Willow tits. Here’s the rub. Willow tits have declined catastrophically in Norfolk and across southern England. Where I used to hear them in the clouds of grey willow along the Stiffkey River in the village of my grandfather’s birth, they have long since gone. So where’s the joy? In a Breckland village, one Norfolk man, a knower and lover of birds without equal, is quietly putting up dozens of carefully designed boxes for willow tits, to save perhaps Norfolk’s last population. He will not let them go.

Willow tit, by Nick Goodrum

This! This is what Simon Barnes means and this is what we all must be and do for wildlife. As Simon continues, ‘Liking birds is not just a nice thing to do.
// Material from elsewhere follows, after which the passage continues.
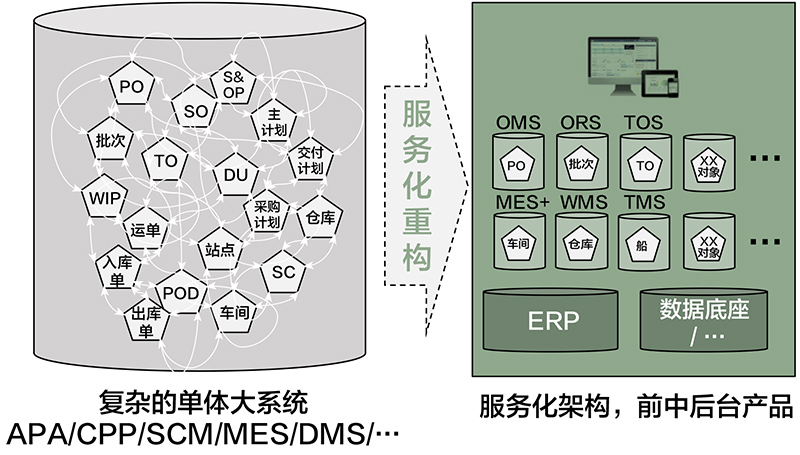 傳統的供應鏈IT系統是煙囪式的,隨著業務增長、需求變化加快,會出現用戶體驗差、重復建設、響應周期長等問題,不能適應業務發展的需要。通過對復雜的單體大系統進行服務化改造,讓服務化子系統融合業務要素、應用要素和數據要素,可以實現業務、數據與系統功能的銜接(如圖2)。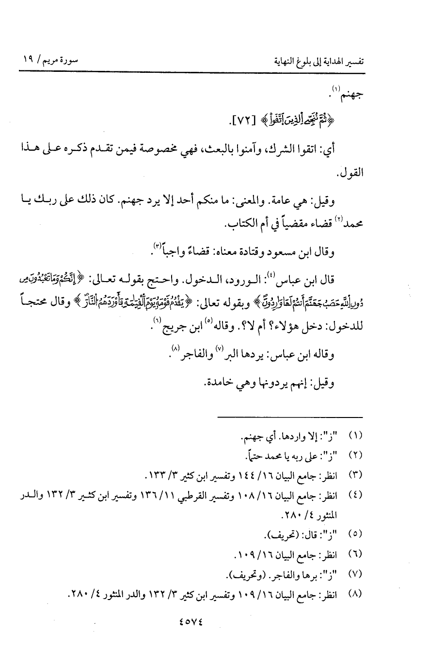 قال ابن عباس: الورود، الدخول. واحتج بقوله تعالى: {إِنَّكُمْ وَمَا تَعْبُدُونَ مِن دُونِ الله حَصَبُ جَهَنَّمَ أَنتُمْ لَهَا وَارِدُونَ} وبقوله تعالى: {يَقْدُمُ قَوْمَهُ يَوْمَ القيامة فَأَوْرَدَهُمُ النار} وقل محتجاً للدخول: دخل هؤلاء؟ أم لا؟. وقاله ابن جريج.

To look at a bird and feel good about it is a violent revolutionary act. To put out peanuts is an act of insurrection. It is an act that demands a revolution in political thought, for it is quite obvious that conservation is far, far too low on the political agenda.’

When the legendary bird conservationist Carl Jones was sent to Mauritius in the 1970s and, finding the Mauritius kestrel on the brink of extinction, was instructed to give up and come home, he told his employers he would do no such thing. Through sheer bloodymindedness, he saved the kestrel and went on to save the pink pigeon and echo parakeet, all of which now number in the hundreds. Sheer bloodymindedness is what we need, inspired by joy in the natural world. This April, watch kites looping in lazy circles, their russet tails splitting the spring sun. Hear the soulful shriek of buzzards circling on the weak thermals of spring. Think of a lone man fixing nest boxes to Breckland trees. And feel joy, feel defiant joy and the gritty determination to change with us the future for Norfolk’s wildlife. For, as the strange, wonderful Emily Dickinson said, ‘Hope, is the thing with feathers.’